▶ _TASK DESCRIPTION_: Starting at the first line of the material below and stopping after the line that includes "新疆凯胜利农农业科技有限公司", write the lines out again exactly. Drop any pictures.

- - - - - - -

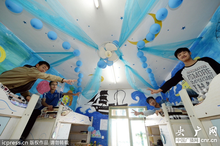 2013年10月26日,重慶西南大學(xué)學(xué)生會(huì)舉辦了一場(chǎng)新生宿舍美化大賽,數(shù)以千計(jì)的新生參與。許多創(chuàng)意獨(dú)特的95后,花了不到200元,就把寢室裝出了高端洋氣上檔次的格調(diào)。卡通賣萌、奇幻漂流、文藝范兒……來(lái)看看他們的宿舍風(fēng)格與背后的故事吧?蓯劭ㄍ▔γ咳擞忻让奚幔航(jīng)濟(jì)管理學(xué)院工商管理專業(yè)大一男生宿舍竹園C棟316室花費(fèi):不超過(guò)100元,主要花費(fèi)在顏料紙張上畫著卡通小黃人的墻、維尼熊馬克杯、小螞蟻粉T恤……若不是墻角散落著的幾只略有味道的球鞋,你很難將眼前這間宿舍與男生聯(lián)系在一起。這間宿舍萌至如此,必須歸功一個(gè)人:宿舍的賣萌小王子詹鑫豪。自打入校的第一天起,發(fā)嗲、買各類賣萌產(chǎn)品……詹同學(xué)盡顯賣萌本色。在他的影響下,宿舍其他5個(gè)哥們也發(fā)現(xiàn)了自己的賣萌天分,集體賣萌成了宿舍的風(fēng)氣。比如:大家集體購(gòu)買了一系列風(fēng)格迥異的卡通睡衣,包括奶牛版、熊貓版等;再比如,大家有了一個(gè)個(gè)超萌的外號(hào):大狼、肥羊、猴子、毛毛、嚶。在寢室美化設(shè)計(jì)時(shí),詹鑫豪出力不少。“我們計(jì)劃在墻上畫點(diǎn)東西,但別的東西都好難畫,我突然想到近期看的動(dòng)畫片《卑鄙的我》里的小黃人,不是正好又萌又簡(jiǎn)單嗎?”全宿舍一致認(rèn)可這個(gè)提案,詹鑫豪更主動(dòng)承擔(dān)起為小黃人上色的任務(wù)。自稱“不擅賣萌”的周密同學(xué)表示,“相比很多同齡人,我們宿舍顯得比較幼稚。但用萌這種方式記錄生活,算是青春記憶吧!弊霞喪酵挷璧纴(lái)相伴宿舍:外國(guó)語(yǔ)學(xué)院免師英語(yǔ)專業(yè)大一7班女生宿舍桃園1棟201室花費(fèi):不超過(guò)200元,主要用于買卡通畫和紫紗擁有一個(gè)童話古堡,是萬(wàn)千少女的夢(mèng)想,英語(yǔ)班的幾位同學(xué)把它變成了現(xiàn)實(shí)。最初,室長(zhǎng)吳倩一提議走公主風(fēng),立馬獲得壓倒性的支持。此后給宿舍起名字、設(shè)計(jì)細(xì)節(jié)等,遇到意見不一致時(shí),都是以少數(shù)服從多數(shù)為原則,“但有一點(diǎn):不能放馬后炮!备髯砸鹿裆系木S尼熊、米老鼠,搭在蚊帳上的層層紫色紗布,甚至在廁所門前專門貼了一張公主畫……公主風(fēng)鋪天蓋地而來(lái)。這間宿舍在全院打響名號(hào),除了夢(mèng)幻的布置,還離不開室友袁凡的宣傳。宿舍里兩套精致的茶幾頗引人注目,它們的主人、被同學(xué)們盛贊為“茶神”的妹子來(lái)自云南,家鄉(xiāng)盛產(chǎn)普洱茶,“我們家很多人是茶文化愛好者。我平時(shí)泡了茶,就會(huì)喊大家來(lái)喝,享受泡茶、品茶的過(guò)程!睍r(shí)光軸愛上照片墻宿舍:經(jīng)濟(jì)管理學(xué)院農(nóng)業(yè)經(jīng)濟(jì)管理大一1班女生宿舍南苑9舍525室花費(fèi):不超過(guò)200元,錢主要用在購(gòu)買顏料、卡紙等上愛拍照、愛旅游、愛泡咖啡館……在王麗君看來(lái),宿舍姐妹們雖然性格有靜有動(dòng),但或多或少都有顆文藝的心。這也很好地解釋了為什么舍長(zhǎng)宋錦雯一提議宿舍美化走文藝范,大家都舉雙手贊成!安蝗绾腿巳司W(wǎng)一樣,我們也建一個(gè)實(shí)體版的時(shí)光軸”、“不如我們貼上黃色的墻紙,讓宿舍看起來(lái)像個(gè)咖啡館”……確立主題后,舍友們你一言我一語(yǔ)開始構(gòu)思細(xì)節(jié)。很快,時(shí)光軸火速出爐,事后它確實(shí)成為了宿舍的一大標(biāo)志。時(shí)光軸的主材料是涼席和各張打印出來(lái)的照片以及文字解說(shuō)。時(shí)光軸上,記錄了大家相處的兩個(gè)多月美好時(shí)光。王麗君向記者介紹,“第一張是軍訓(xùn)開始前在宿舍的第一張合影,第二張是軍訓(xùn)拉練時(shí)我們疲憊狀態(tài)下的自拍,第三張是班級(jí)第一次聚餐,我們宿舍的坐在一起……”談起“時(shí)光軸”的未來(lái),王麗君表示,“我們都是自拍狂,也特別喜歡記錄生活的點(diǎn)點(diǎn)滴滴,所以未來(lái)肯定會(huì)有更多精彩照片,我們還會(huì)分享出來(lái),當(dāng)然那時(shí)我們可以選擺更美的照片!
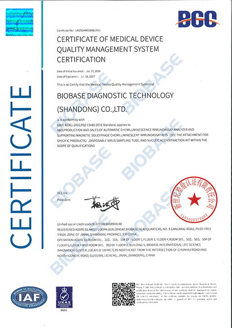 3.21 ISO 13485-BIOBASE MEDFUTURE SCIENTIFIC EQUIPMENT CO., LTD
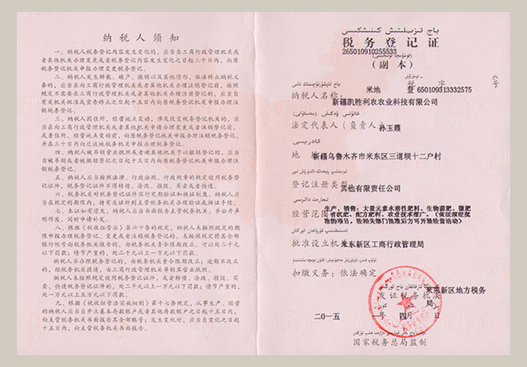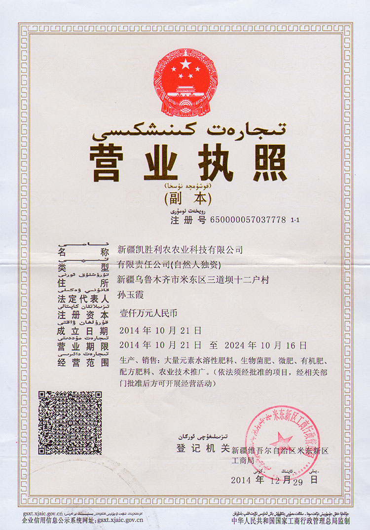 新疆凯胜利农农业科技有限公司由保植专家、肥料专家、生物专家等高技术人员组成研发团队,成功开发出具有自主知识产权的系列产品:稀土有机肥、氨基氮磷组合增效肥、高淳稀土叶面肥、螯和稀土微量元素水溶肥、腐殖酸系列水溶肥、大量元素水溶肥、中微量元素水溶肥等系列生态肥料。
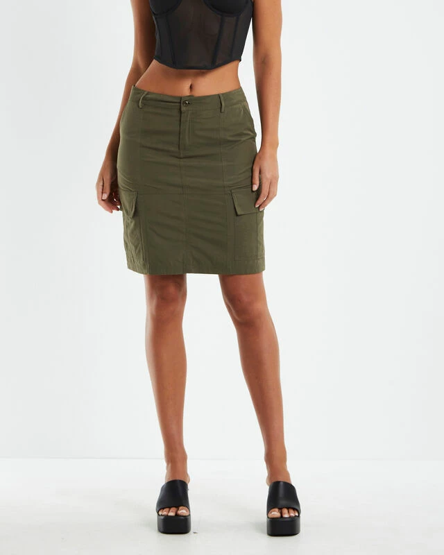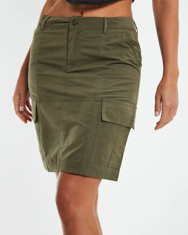 The Tibby Utility Skirt by Neon Hart comes in a khaki colourway. Featuring a low rise waistband, zip fly with button closure, straight fitted silhouette, belt-loops, two in-seam pockets and two utility pocket at side. Pair back with a cropped singlet and Dr Martens to complete the look.
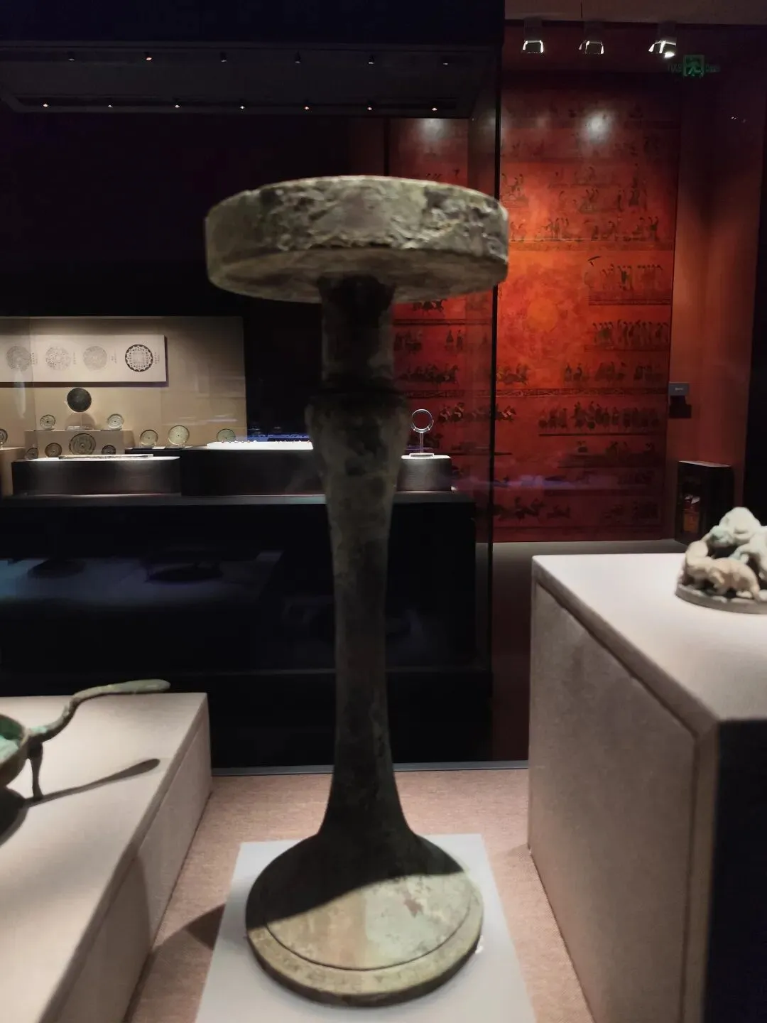 属于汉代典型的豆形行灯,灯盘可盛放灯油与灯芯,满足日常照明需求;高柄设计适配手持或案头摆放,兼顾出行与室内使用场景,是汉代贵族生活用具的代表性器物。
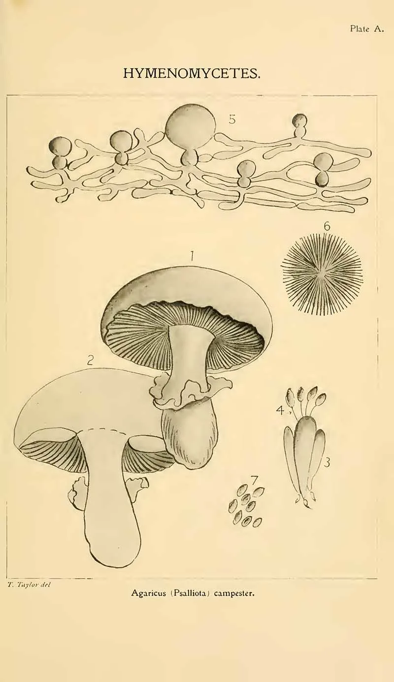 A sketch of the common field mushroom, Agaricus campester.
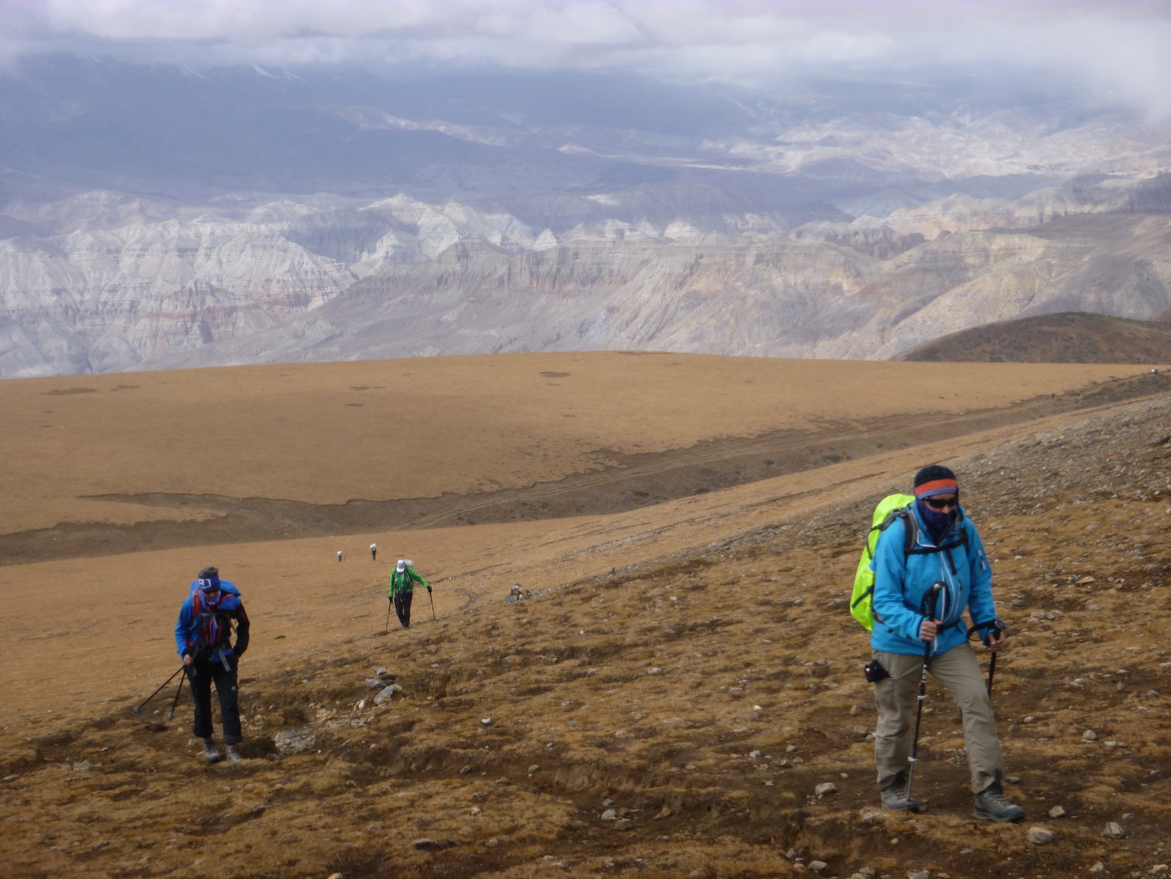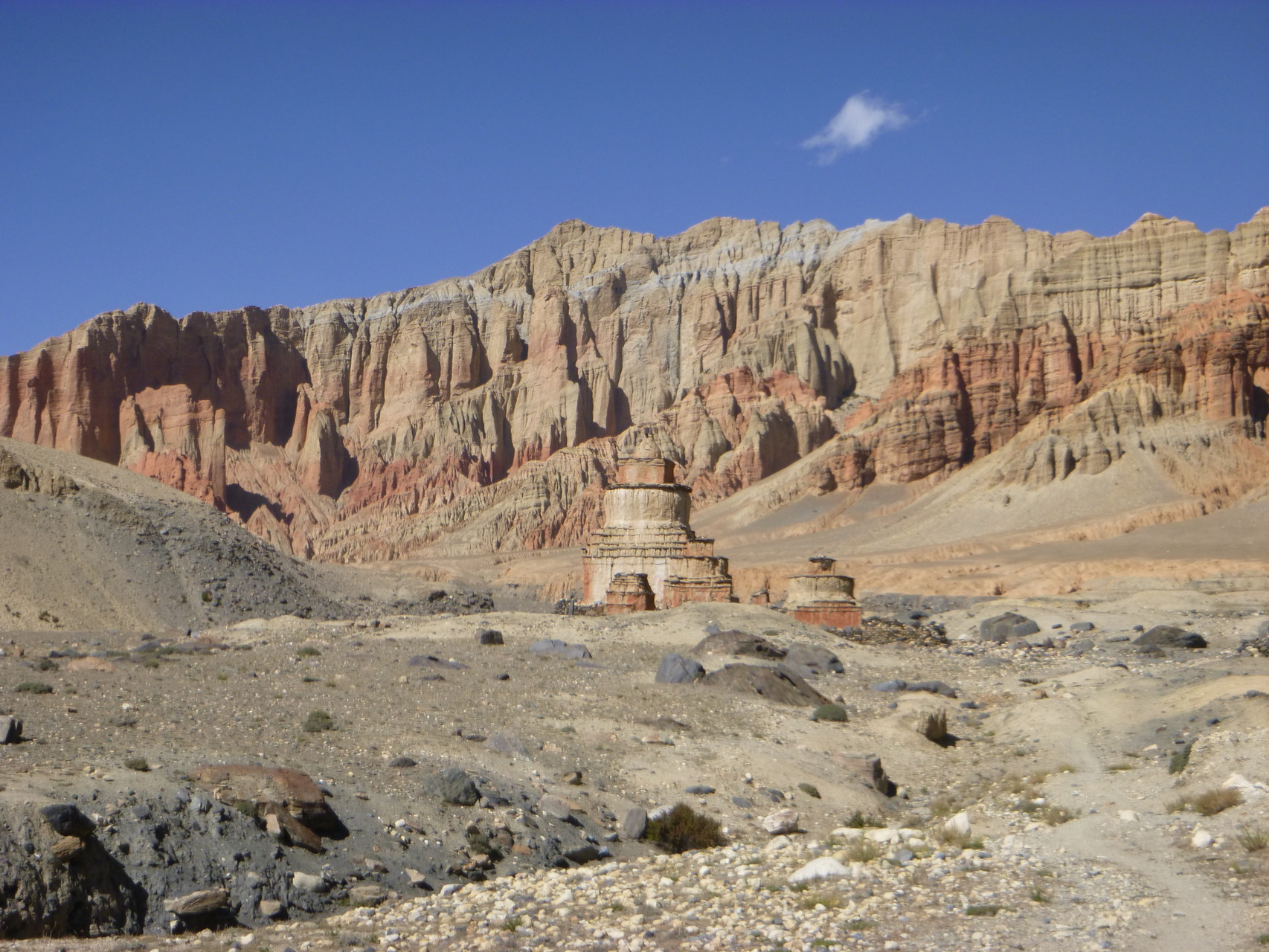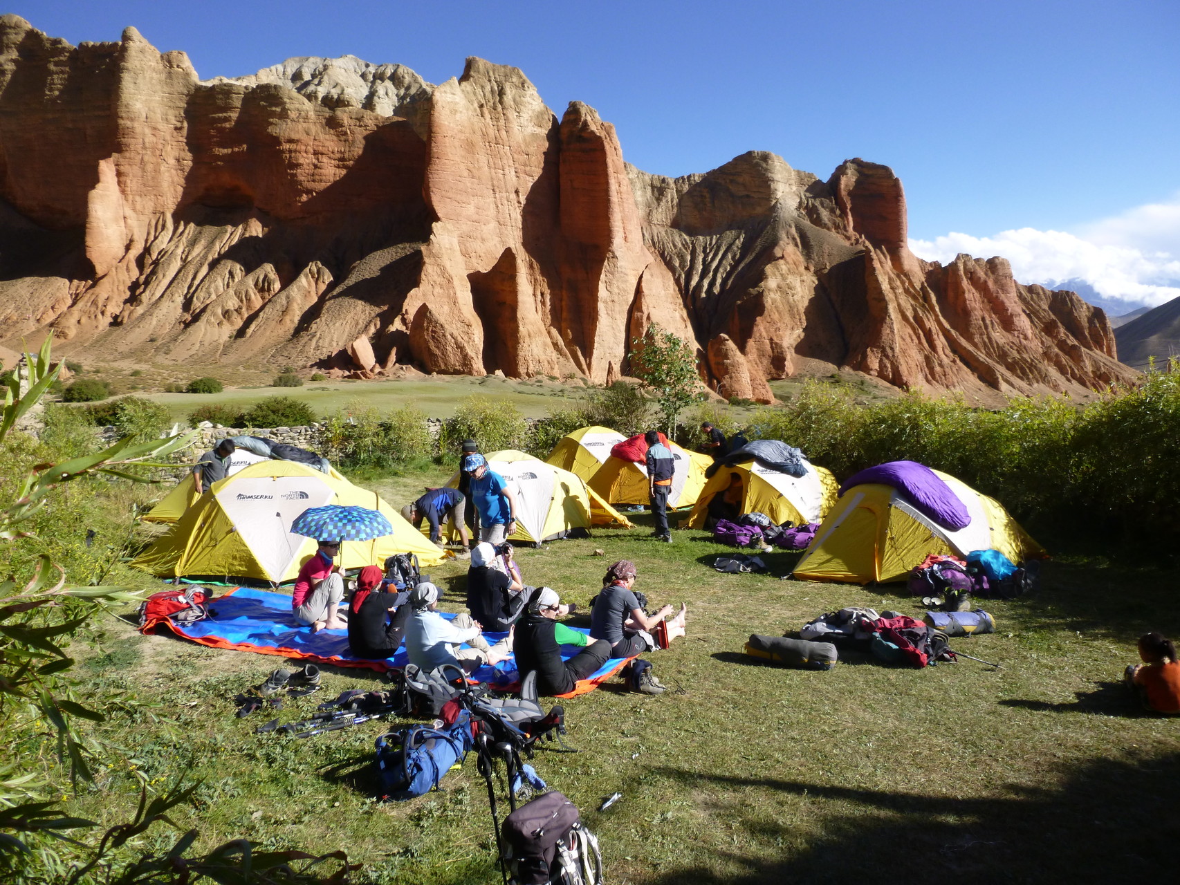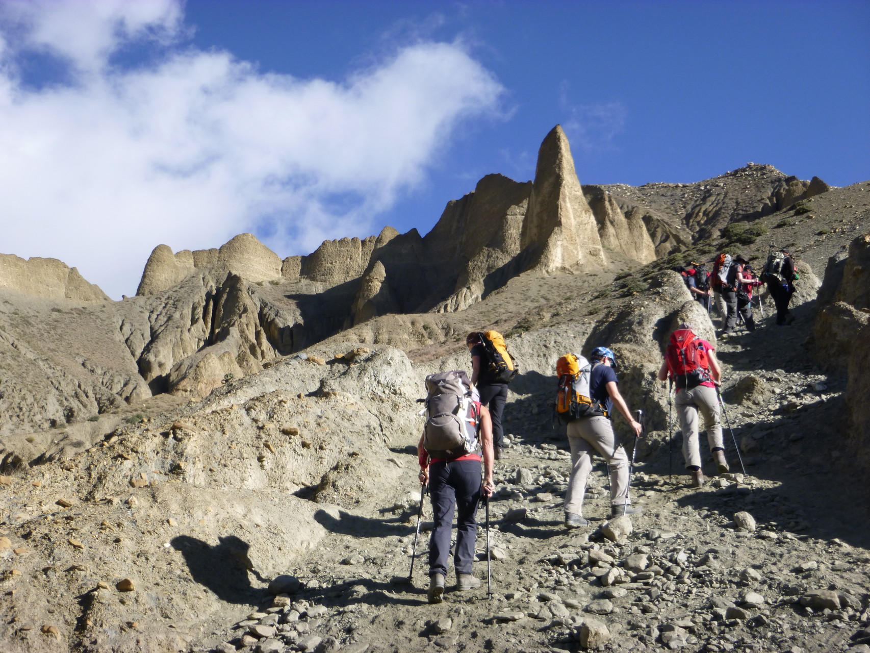 Über den Mustang Pass (6042 m) von Lo-Manthang ins Naar Phu Valley mit Seribung Peak (6328 m). Bis 1991 war das Mustang völlig isoliert. Eine allmähliche Öffnung mit strengen Besuchervorschriften hat dieses frühere „Königreich“ als absolutes Juwel unter Nepals Trekking-Gebieten erhalten. Alleine schon die Landschaftsformen und -farben mit grellorangen Felswänden, bunten Canyons und wilden Erosionsgebilden sind einen Besuch wert. Inzwischen ist es nun möglich vom Mustang Gebiet über den vergletscherten „De Hults“- bzw. Mustang-Pass ins spät geöffnete Naar Phu Tal zu kommen. Bergsteigerischer Höhepunkt dieses absolut außergewöhnlichen Trekkings ist die allmähliche Annährung an die Welt der stark vergletscherten 6000- und 7000er des Damodar-Himals. In der Hochgebirgslandschaft konnte vom Mustang-Pass der Seribung Peak (6328 m) bestiegen werden.
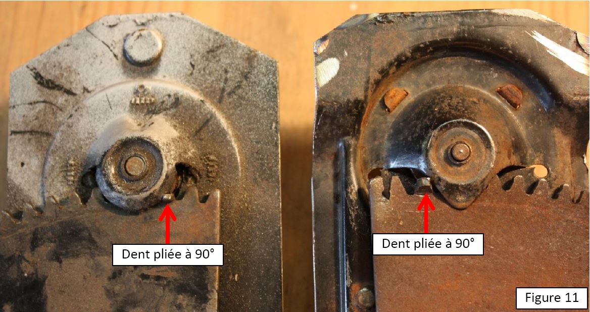 En respectant ces règles, on peut avoir des dents de forme patatoïdale sans gêner outre mesure le fonctionnement du mécanisme d’entrainement. Au pire on aura un léger jeu, de quelques degrés au changement de rotation de la crémaillère. Une confirmation que la forme des dents est relativement secondaire est apportée par l’examen de la crémaillère de la portière droite. Sur la figure 5 on observe que dans la zone la plus usitée, les dents sont fortement usées ; il n’en reste plus qu’un moignon acéré. Les dents dans la zone qui ne voit pas souvent, ou pas du tout (au-delà de l’ergot d’arrêt de la rotation) le pignon d’entrainement, ont gardé une forme régulière grossièrement sinusoïdale. Cependant, ce mécanisme fonctionne parfaitement, sans jeu significatif. Tout ceci pour en venir au fait que la crémaillère peut être réalisée à la main, même si comme l’auteur, on a deux mains gauches.
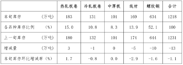 4月上旬,5大品种钢材社会库存环比各有升降,其中螺纹钢为减量最大品种,具体情况见下表。

- - - - - - -

▶ _RESULT FOR THIS TASK_:
 2013年10月26日,重慶西南大學(xué)學(xué)生會(huì)舉辦了一場(chǎng)新生宿舍美化大賽,數(shù)以千計(jì)的新生參與。許多創(chuàng)意獨(dú)特的95后,花了不到200元,就把寢室裝出了高端洋氣上檔次的格調(diào)。卡通賣萌、奇幻漂流、文藝范兒……來(lái)看看他們的宿舍風(fēng)格與背后的故事吧?蓯劭ㄍ▔γ咳擞忻让奚幔航(jīng)濟(jì)管理學(xué)院工商管理專業(yè)大一男生宿舍竹園C棟316室花費(fèi):不超過(guò)100元,主要花費(fèi)在顏料紙張上畫著卡通小黃人的墻、維尼熊馬克杯、小螞蟻粉T恤……若不是墻角散落著的幾只略有味道的球鞋,你很難將眼前這間宿舍與男生聯(lián)系在一起。這間宿舍萌至如此,必須歸功一個(gè)人:宿舍的賣萌小王子詹鑫豪。自打入校的第一天起,發(fā)嗲、買各類賣萌產(chǎn)品……詹同學(xué)盡顯賣萌本色。在他的影響下,宿舍其他5個(gè)哥們也發(fā)現(xiàn)了自己的賣萌天分,集體賣萌成了宿舍的風(fēng)氣。比如:大家集體購(gòu)買了一系列風(fēng)格迥異的卡通睡衣,包括奶牛版、熊貓版等;再比如,大家有了一個(gè)個(gè)超萌的外號(hào):大狼、肥羊、猴子、毛毛、嚶。在寢室美化設(shè)計(jì)時(shí),詹鑫豪出力不少。“我們計(jì)劃在墻上畫點(diǎn)東西,但別的東西都好難畫,我突然想到近期看的動(dòng)畫片《卑鄙的我》里的小黃人,不是正好又萌又簡(jiǎn)單嗎?”全宿舍一致認(rèn)可這個(gè)提案,詹鑫豪更主動(dòng)承擔(dān)起為小黃人上色的任務(wù)。自稱“不擅賣萌”的周密同學(xué)表示,“相比很多同齡人,我們宿舍顯得比較幼稚。但用萌這種方式記錄生活,算是青春記憶吧!弊霞喪酵挷璧纴(lái)相伴宿舍:外國(guó)語(yǔ)學(xué)院免師英語(yǔ)專業(yè)大一7班女生宿舍桃園1棟201室花費(fèi):不超過(guò)200元,主要用于買卡通畫和紫紗擁有一個(gè)童話古堡,是萬(wàn)千少女的夢(mèng)想,英語(yǔ)班的幾位同學(xué)把它變成了現(xiàn)實(shí)。最初,室長(zhǎng)吳倩一提議走公主風(fēng),立馬獲得壓倒性的支持。此后給宿舍起名字、設(shè)計(jì)細(xì)節(jié)等,遇到意見不一致時(shí),都是以少數(shù)服從多數(shù)為原則,“但有一點(diǎn):不能放馬后炮!备髯砸鹿裆系木S尼熊、米老鼠,搭在蚊帳上的層層紫色紗布,甚至在廁所門前專門貼了一張公主畫……公主風(fēng)鋪天蓋地而來(lái)。這間宿舍在全院打響名號(hào),除了夢(mèng)幻的布置,還離不開室友袁凡的宣傳。宿舍里兩套精致的茶幾頗引人注目,它們的主人、被同學(xué)們盛贊為“茶神”的妹子來(lái)自云南,家鄉(xiāng)盛產(chǎn)普洱茶,“我們家很多人是茶文化愛好者。我平時(shí)泡了茶,就會(huì)喊大家來(lái)喝,享受泡茶、品茶的過(guò)程!睍r(shí)光軸愛上照片墻宿舍:經(jīng)濟(jì)管理學(xué)院農(nóng)業(yè)經(jīng)濟(jì)管理大一1班女生宿舍南苑9舍525室花費(fèi):不超過(guò)200元,錢主要用在購(gòu)買顏料、卡紙等上愛拍照、愛旅游、愛泡咖啡館……在王麗君看來(lái),宿舍姐妹們雖然性格有靜有動(dòng),但或多或少都有顆文藝的心。這也很好地解釋了為什么舍長(zhǎng)宋錦雯一提議宿舍美化走文藝范,大家都舉雙手贊成!安蝗绾腿巳司W(wǎng)一樣,我們也建一個(gè)實(shí)體版的時(shí)光軸”、“不如我們貼上黃色的墻紙,讓宿舍看起來(lái)像個(gè)咖啡館”……確立主題后,舍友們你一言我一語(yǔ)開始構(gòu)思細(xì)節(jié)。很快,時(shí)光軸火速出爐,事后它確實(shí)成為了宿舍的一大標(biāo)志。時(shí)光軸的主材料是涼席和各張打印出來(lái)的照片以及文字解說(shuō)。時(shí)光軸上,記錄了大家相處的兩個(gè)多月美好時(shí)光。王麗君向記者介紹,“第一張是軍訓(xùn)開始前在宿舍的第一張合影,第二張是軍訓(xùn)拉練時(shí)我們疲憊狀態(tài)下的自拍,第三張是班級(jí)第一次聚餐,我們宿舍的坐在一起……”談起“時(shí)光軸”的未來(lái),王麗君表示,“我們都是自拍狂,也特別喜歡記錄生活的點(diǎn)點(diǎn)滴滴,所以未來(lái)肯定會(huì)有更多精彩照片,我們還會(huì)分享出來(lái),當(dāng)然那時(shí)我們可以選擺更美的照片!
 3.21 ISO 13485-BIOBASE MEDFUTURE SCIENTIFIC EQUIPMENT CO., LTD
 新疆凯胜利农农业科技有限公司由保植专家、肥料专家、生物专家等高技术人员组成研发团队,成功开发出具有自主知识产权的系列产品:稀土有机肥、氨基氮磷组合增效肥、高淳稀土叶面肥、螯和稀土微量元素水溶肥、腐殖酸系列水溶肥、大量元素水溶肥、中微量元素水溶肥等系列生态肥料。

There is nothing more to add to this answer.